§ TASK
Where the line containing "创造性地将酒柜吧台和餐桌融合在餐厅中,丰富的功能,利落的视觉效果,简单且精致。" appears below, start there and repeat each line exactly to the end. Leave the pictures out.

§ AVAILABLE DATA

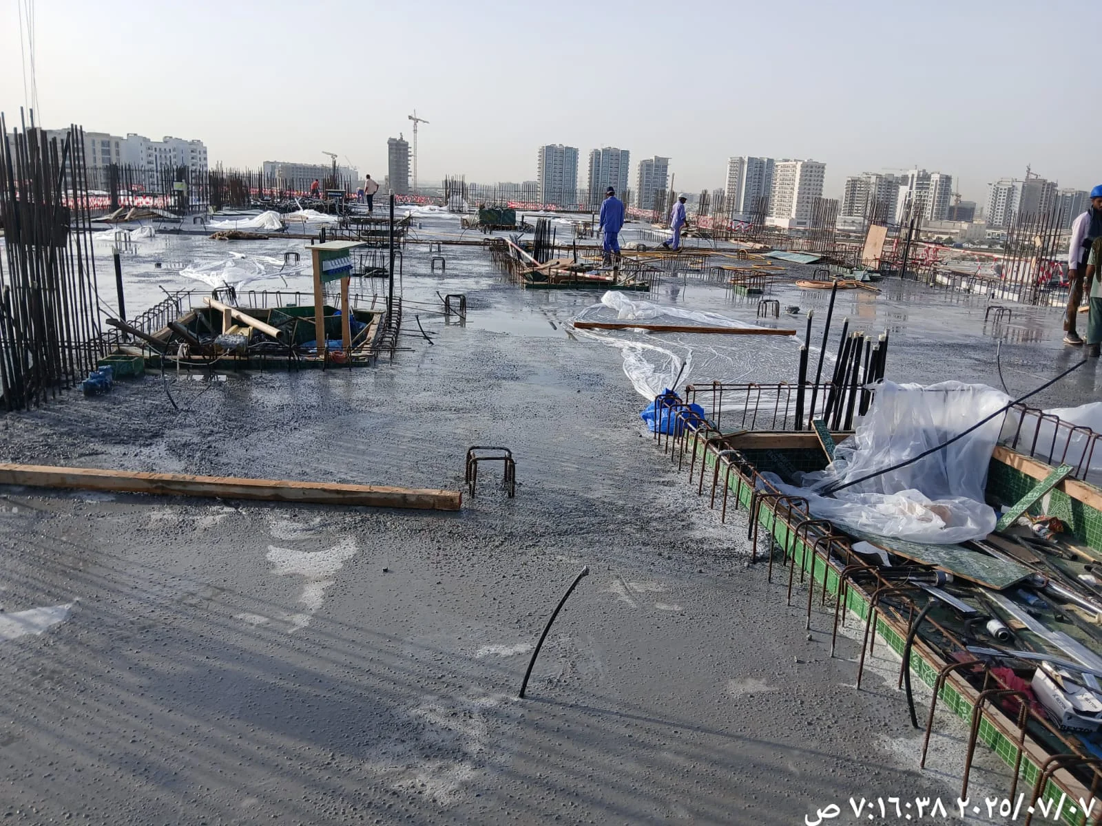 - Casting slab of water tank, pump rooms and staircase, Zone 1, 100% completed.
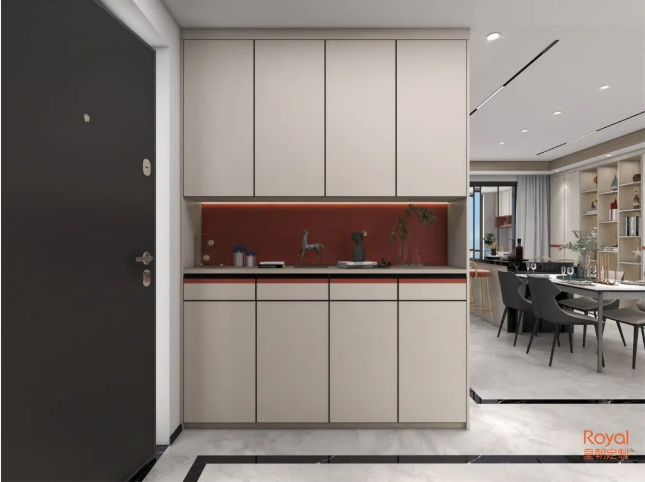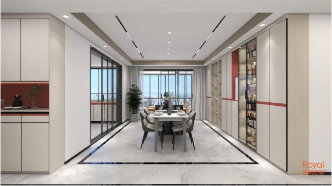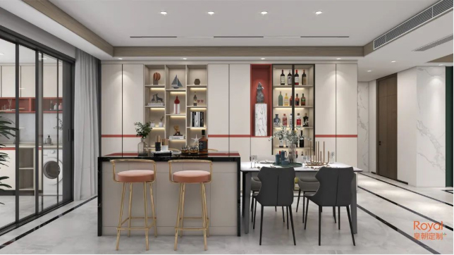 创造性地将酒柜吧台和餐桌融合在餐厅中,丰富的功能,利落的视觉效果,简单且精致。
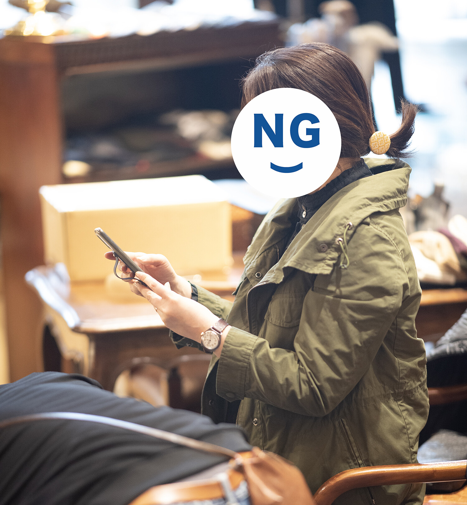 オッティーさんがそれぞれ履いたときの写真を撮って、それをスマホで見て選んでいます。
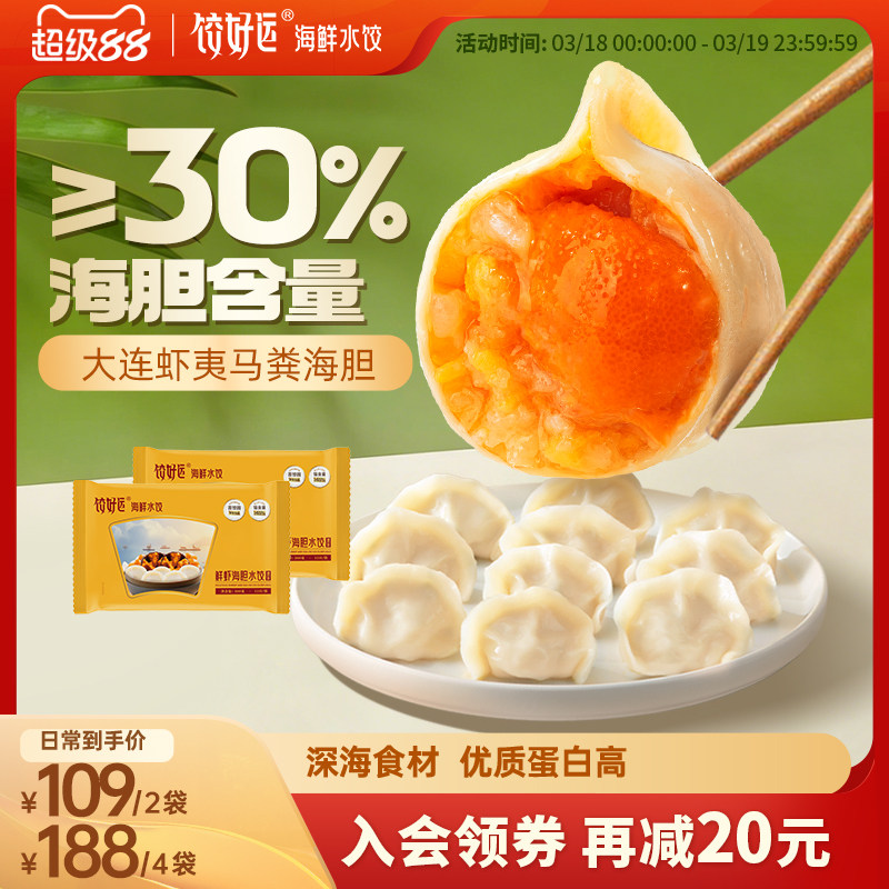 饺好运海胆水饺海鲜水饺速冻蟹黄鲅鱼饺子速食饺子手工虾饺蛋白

§ ANSWER SPACE
 创造性地将酒柜吧台和餐桌融合在餐厅中,丰富的功能,利落的视觉效果,简单且精致。
 オッティーさんがそれぞれ履いたときの写真を撮って、それをスマホで見て選んでいます。
 饺好运海胆水饺海鲜水饺速冻蟹黄鲅鱼饺子速食饺子手工虾饺蛋白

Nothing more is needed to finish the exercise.